> **DATA FOR PROCESSING**:
============================================================

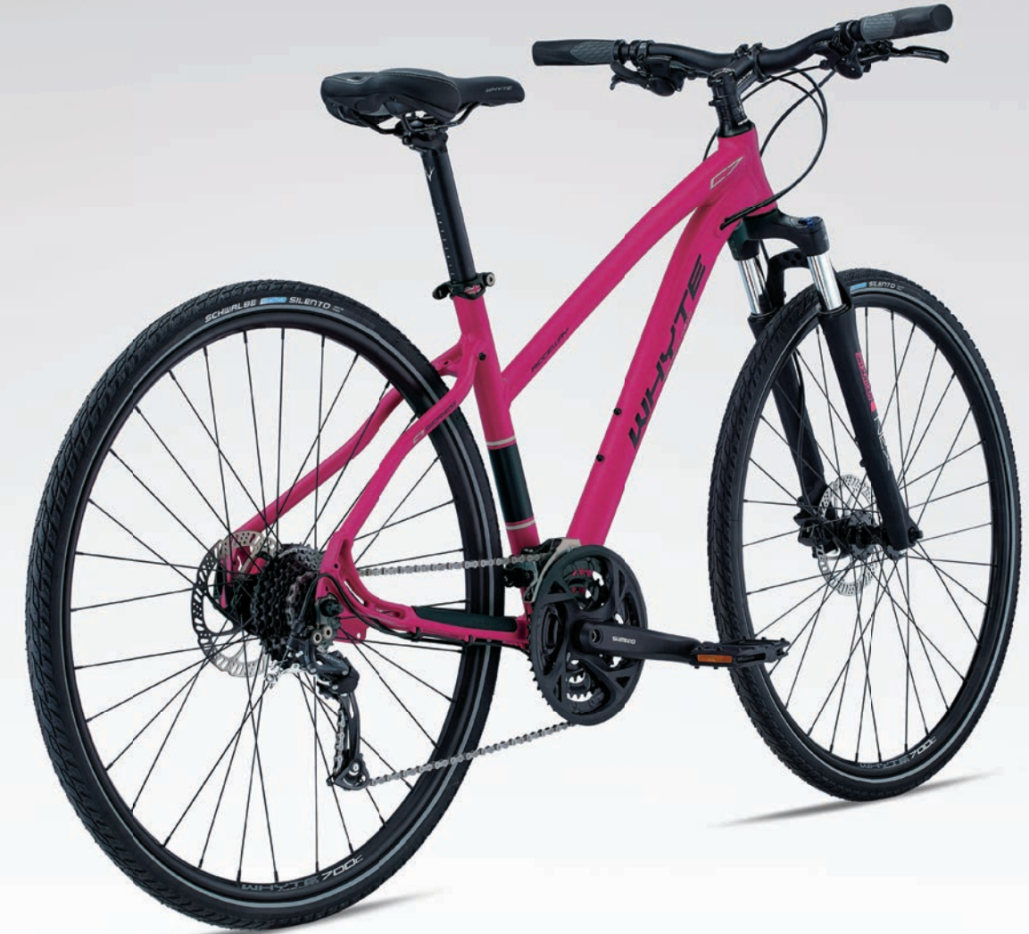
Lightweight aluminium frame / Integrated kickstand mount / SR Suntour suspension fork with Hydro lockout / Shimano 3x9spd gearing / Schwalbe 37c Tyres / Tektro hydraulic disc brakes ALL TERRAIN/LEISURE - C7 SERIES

============================================================

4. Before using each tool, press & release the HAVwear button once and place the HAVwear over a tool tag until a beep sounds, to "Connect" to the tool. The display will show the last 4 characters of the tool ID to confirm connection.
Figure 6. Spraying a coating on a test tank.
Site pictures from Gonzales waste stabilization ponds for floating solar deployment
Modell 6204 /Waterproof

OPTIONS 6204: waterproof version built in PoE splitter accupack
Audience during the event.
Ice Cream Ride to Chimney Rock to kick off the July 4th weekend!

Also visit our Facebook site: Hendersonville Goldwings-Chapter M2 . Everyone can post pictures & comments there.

============================================================

> **TASK DETAILS**: Whenever a line above includes "pictures", copy it in full.

> **THE ANSWER**:
Site pictures from Gonzales waste stabilization ponds for floating solar deployment
Also visit our Facebook site: Hendersonville Goldwings-Chapter M2 . Everyone can post pictures & comments there.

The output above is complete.